ABSTRACT

This essay takes as its starting point Dipesh Chakrabarty’s provocations concerning the terms of translation of critical difference. It turns to medieval Japanese texts, in order to enquire about the possibilities and limits of reading such writings – that come out of rather particular temporal and cultural contexts – by using the categories of body, gender, and agency as these have emerged within the context of modern Western philosophical, religious, and (more recently) feminist debates. What does it mean to render utterances and apprehensions far removed in space-time and subjectivity into idiom(s) and language(s) that are intelligible to us, distinct kinds of modern subjects? Can an encounter with the strangeness of these terrains lead to an unsettling of inherited-acquired modes of reading, such that the exact otherness of these worlds stretches modern categories not only to their constitutive limits but their unanticipated ends? Thinking through the presence and absence of distinctions such as sex/gender and body/mind across cultures, traditions, and histories allows the essay to turn to the “performativity” of gender. Specifically, it asks: If “man” and “woman” in medieval Japanese texts were not realized primarily through their bodies then how was gender difference produced?
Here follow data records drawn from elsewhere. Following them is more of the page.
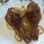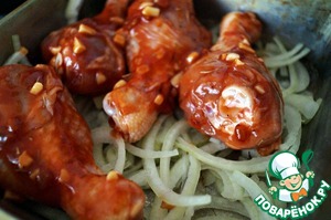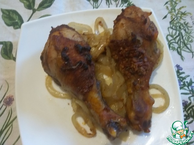 После этого в небольшую форму кладем нарезанный полукольцами лук. На него выкладываем куриные голени. Выпекаем при Т 180 градусов 40 минут.
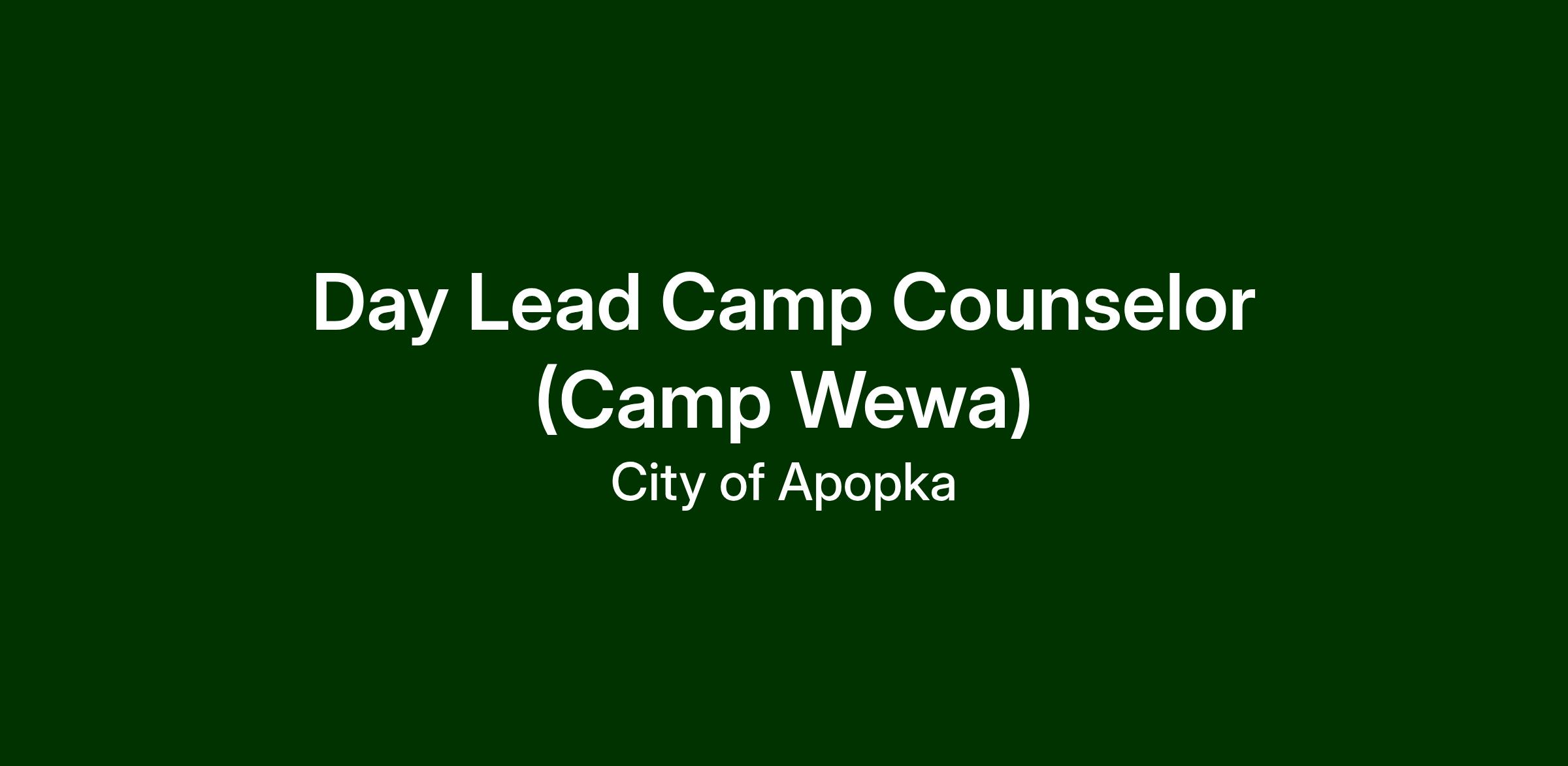 Primarily located at Camp Wewa, 221 S. Binion Road, Apopka, FL 32703. May work at any City owned buildings, parks, grounds and recreation facilities. All off-site locations and facilities utilized as part of the City's participation or involvement in an event, activity or job assignment
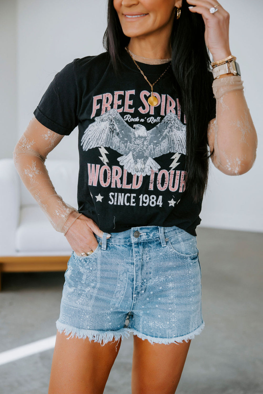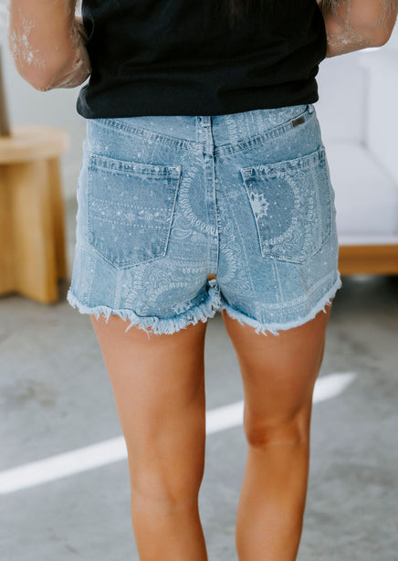 Stand out in these festival-ready shorts! Featuring a fun and unique bandana print in a classic fit. Complete with a frayed bottom and non-stretch cotton fabrication. Pair with a ribbed tank and some fun platform sneakers for an everyday look. Laurie is wearing a size 3.
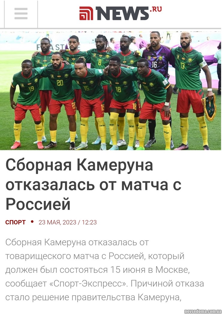 - Навіть збірна Камеруну не хоче грати товариський матч із РФ
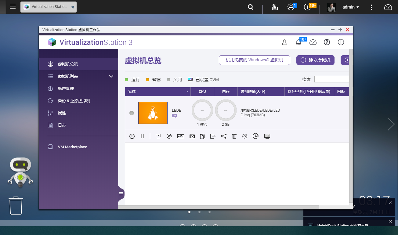▼VirtualizationStation是功能强大的虚拟机套件,结合储存管理和虚拟化技术,透过VirtualizationStation可以安装多种操作系统的虚拟机,例如:Windows、Linux、UNIX和Android等,可以把实体服务器搬移到虚拟机中运行。此外,利用威联通独有HDMI输出功能能,可以直接将虚拟机的画面输出到外接显示器上,方便对虚拟机的直接操作。我一般则是利用威联通的多网口,通过虚拟机构建软路由来使用,使其变身成为N合1的多功能服务器。
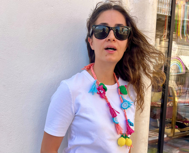 Necklace - Pink raffia necklace
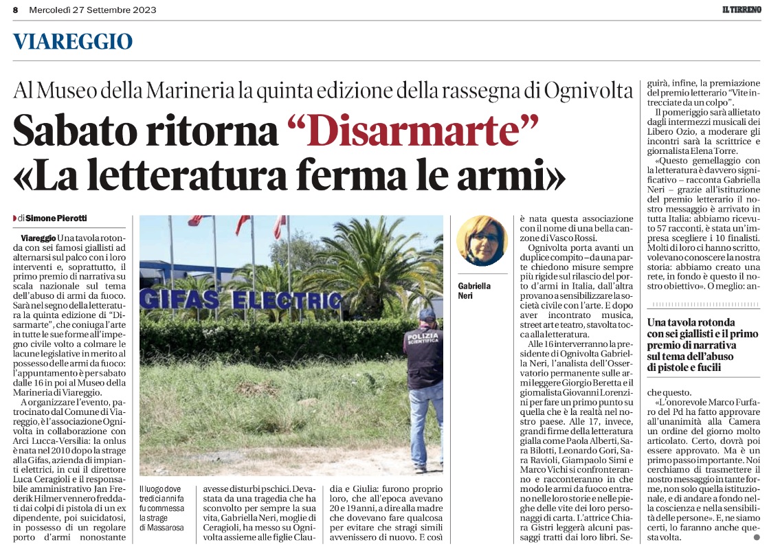 - Sabato ritorna Disarmarte, “La letteratura ferma le armi” – Il Tirreno, 27 settembre 2023
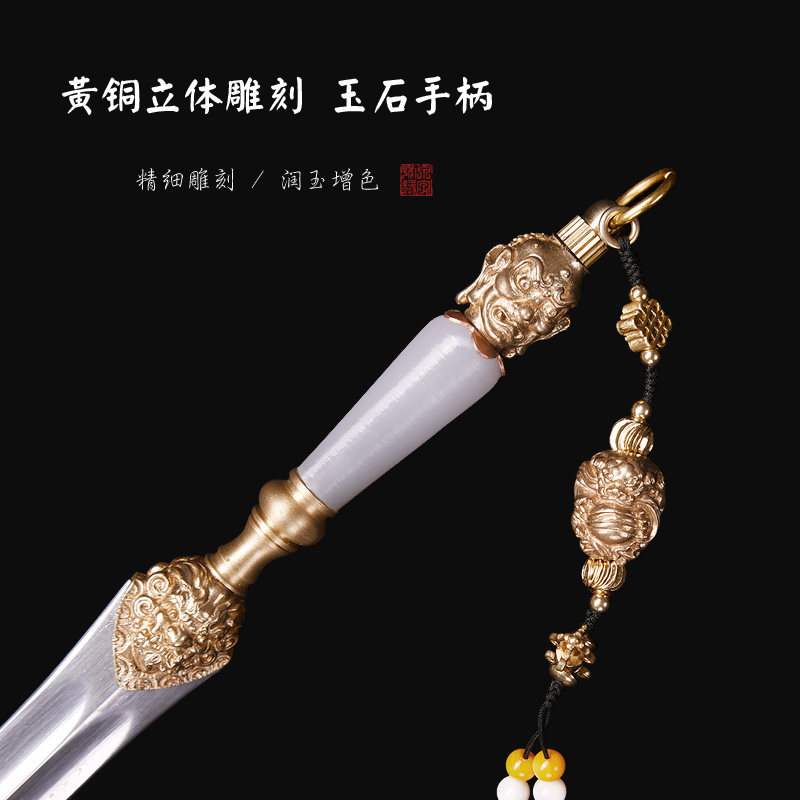 为您提供商品龙泉市泉字号宝剑铜雕玉柄茶剑立体佛魔像花纹钢手工文玩剑未开刃的详细介绍,
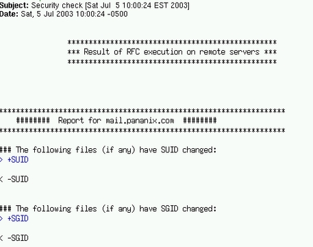 The remote filesystem checker (RFC) allows you to run filesystem checks on a number of remote systems from one master node. RFC uses SSH to log in and check each system. This can be run nightly from cron and a report is sent to the administrator, which lets you see a number of systems on one report rather than getting one from each individual system. Requires: OpenSSH, BASH, cron, Perl and AIDE (optional).
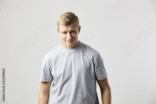 Smiling blond guy dressed in a white t-shirt stands on the white background in the studio
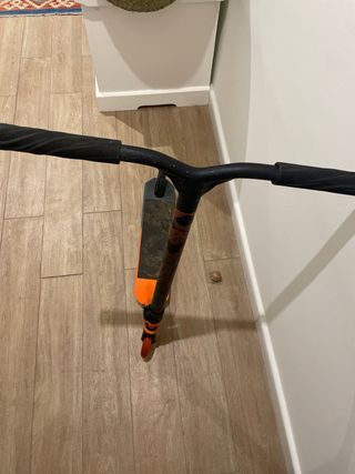 Patinete eléctrico de color negro, ideal para desplazamientos urbanos. patín eléctrico perfecto estado se vende con su cargador tal y como se ven las fotos le falta el patacabras y el guardabarros de atrás tiene el palito suelto pero por lo demás perfecto y anda perfecto autonomía dura se vende por no usar - Manillar con puños. - Plataforma para los pies. - Rueda delantera y trasera.
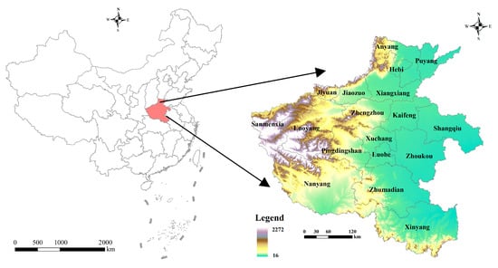 Henan Province is located in central China, with a high topography in the west and a low topography in the east. The western, northern, and southern parts are mainly mountainous and hilly, while the eastern part is flat and low and dominated by plains (Figure 1). The land area is about 167,000 km2, of which mountains and hills account for 44.3% of the province’s total area, while plains and basins account for 55.7%. Henan Province has experienced rapid economic development in recent years, with an average annual GDP growth of 7.1% from 2012 to 2022, and the province’s economy accounts for 5% of the country’s total []. The externalities caused by the massive amount of carbon emissions from economic development have triggered apparent environmental injustice. Henan Province has taken measures to solve environmental injustice, including returning farmland to forest and protecting natural forests, which have achieved certain effects. However, there are still problems, such as the target being challenging to achieve and limited compensation. With the implementation of two national strategies, namely the rise of central China and the ecological protection and high-quality development of the Yellow River basin, higher requirements have been put forward to promote coordinated regional development, optimize regional development pattern, and alleviate environmental injustice.
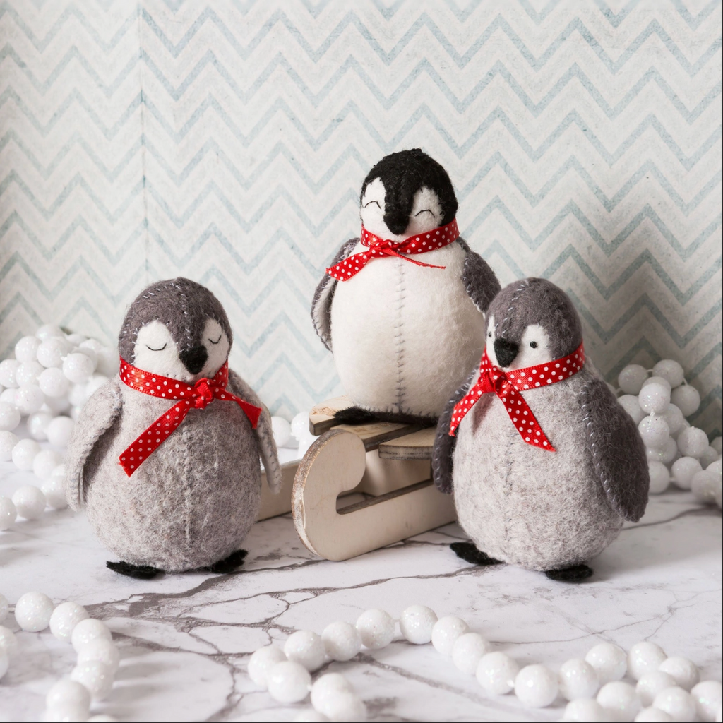 Everything needed to make three adorable felt Baby Penguins is in the box (except scissors!).
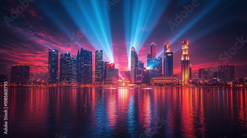 Fototapeta premium Vibrant cityscape at night with colorful lights and reflections on water
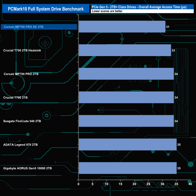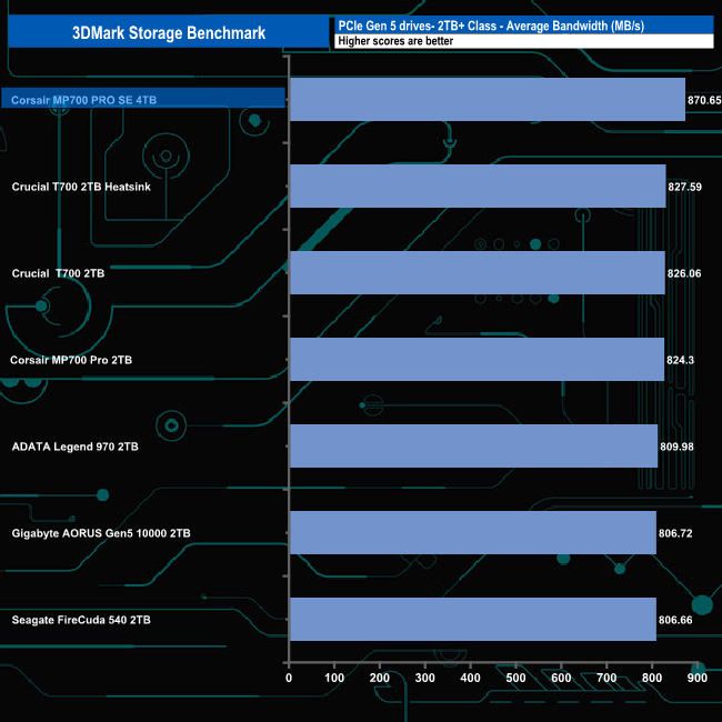With an overall bandwidth figure of 870MB/s, the Corsair MP700 PRO SE slots into the top spot on the results chart.
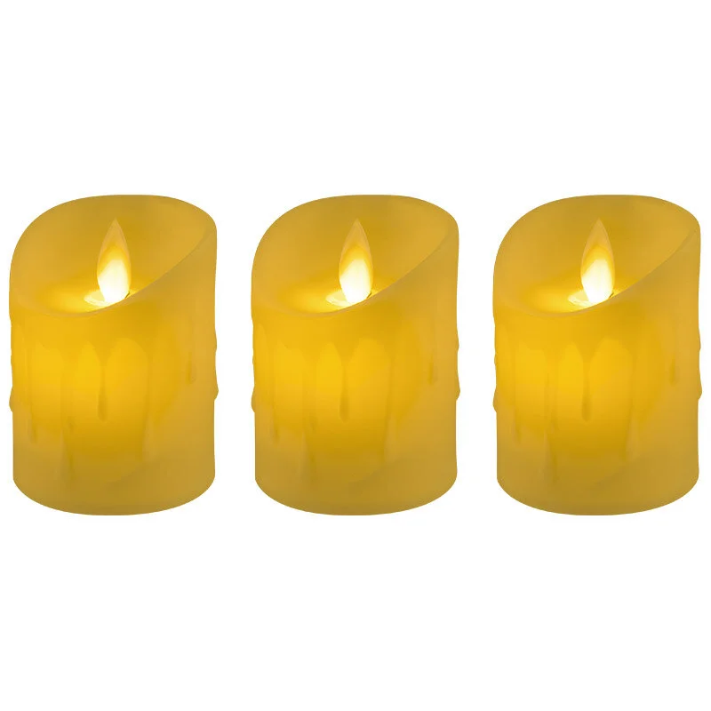 Набор из 3 штук светодиодных свечей Работа от батареек 6 * AAA для 3-х свечей (в комплект не входят) Пластиковый язычок имитирует пламя Упаковка ПВХ бокс с цветным вкладышем
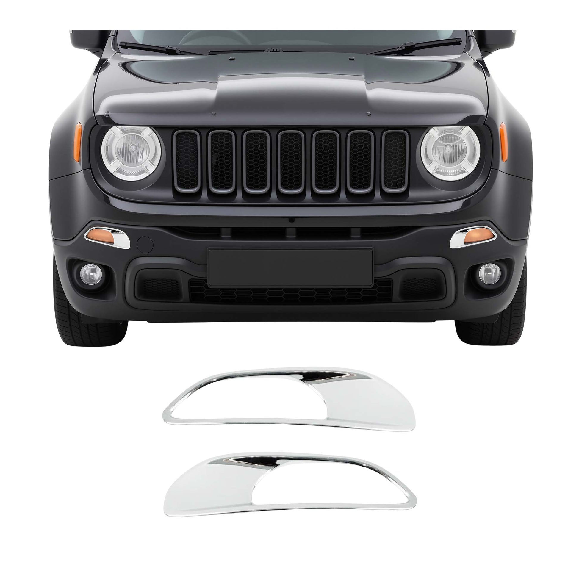 Give your Jeep Renegade a stylish upgrade and extra protection with these chrome headlight trim bottoms. They add a touch of shine while shielding your headlights from scratches and road debris—perfect for drivers who want their ride to stand out and stay looking sharp every day.
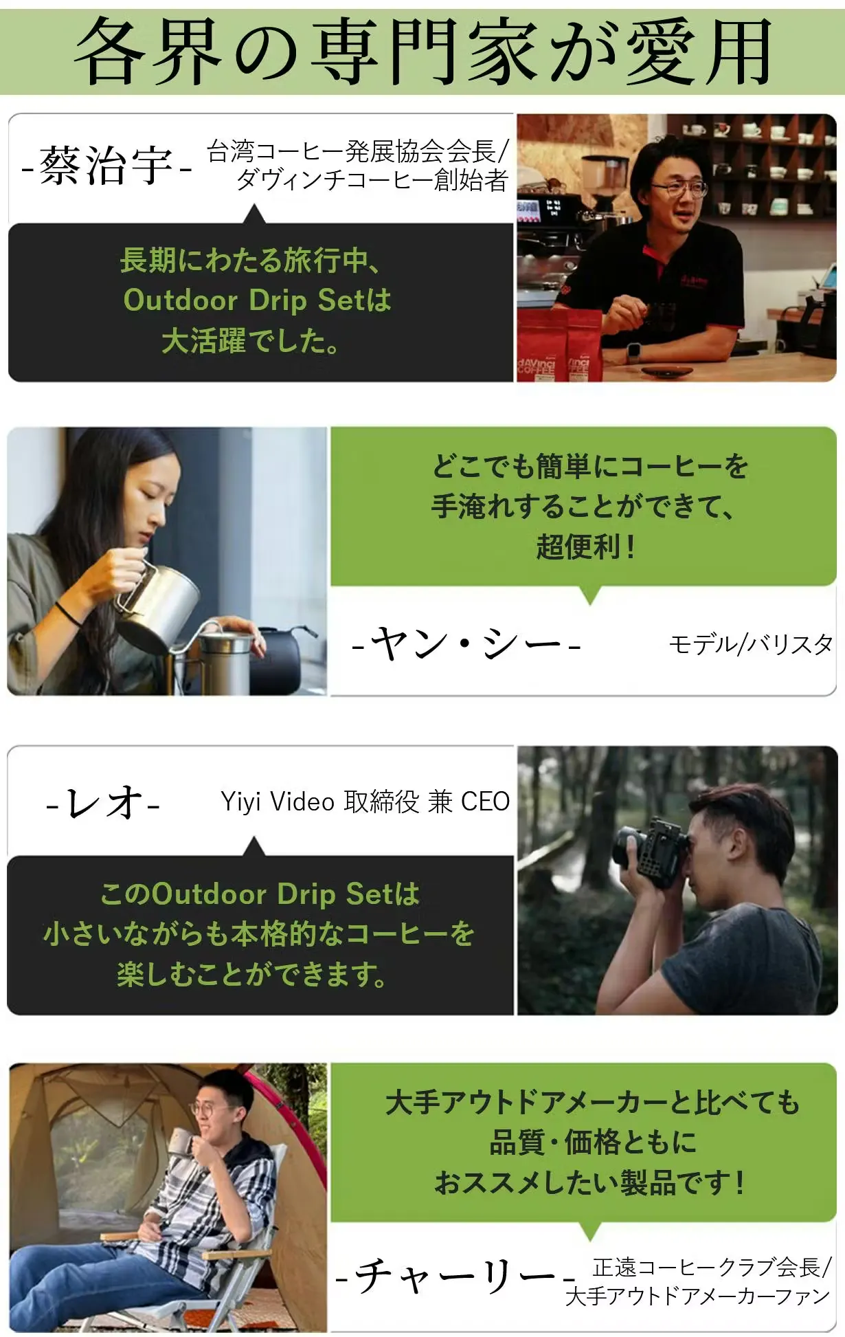 そこで出会ったのがこのOutdoor Drip Setでした。どこに行くときも場所を取らず、全てが一つのケースに入っているので、忘れ物もしない。コーヒーに力を入れている商品ですが、お茶も美味しく飲めて、期待以上の結果を出してくれる商品です。

Through close textual analysis, the essay answers that instead of entailing the sexual attributes of the body, gendering was a process that materialized through specific modes of comportment, patterns of speech, and stylized performative modes, which made the categories of “male” and “female” intelligible. (While aspects of Buddhism reveal ostensible ambiguities about the hierarchically lower status of women, there is possibly little doubting the instability of “man” and “woman” as fixed and enduring entities in these traditions, which are further foregrounded by the mutual entanglements and common interpenetrations of the human and the non-human in such terrains.) Building on these discussions, the essay turns finally to the acute limits of liberal conceptions of agency and their radical incommensurability in terrains occupied by the practices and meanings of spirits and sensibilities, gods and demons, dreams and piety, desires and objects, the different dead and all the living.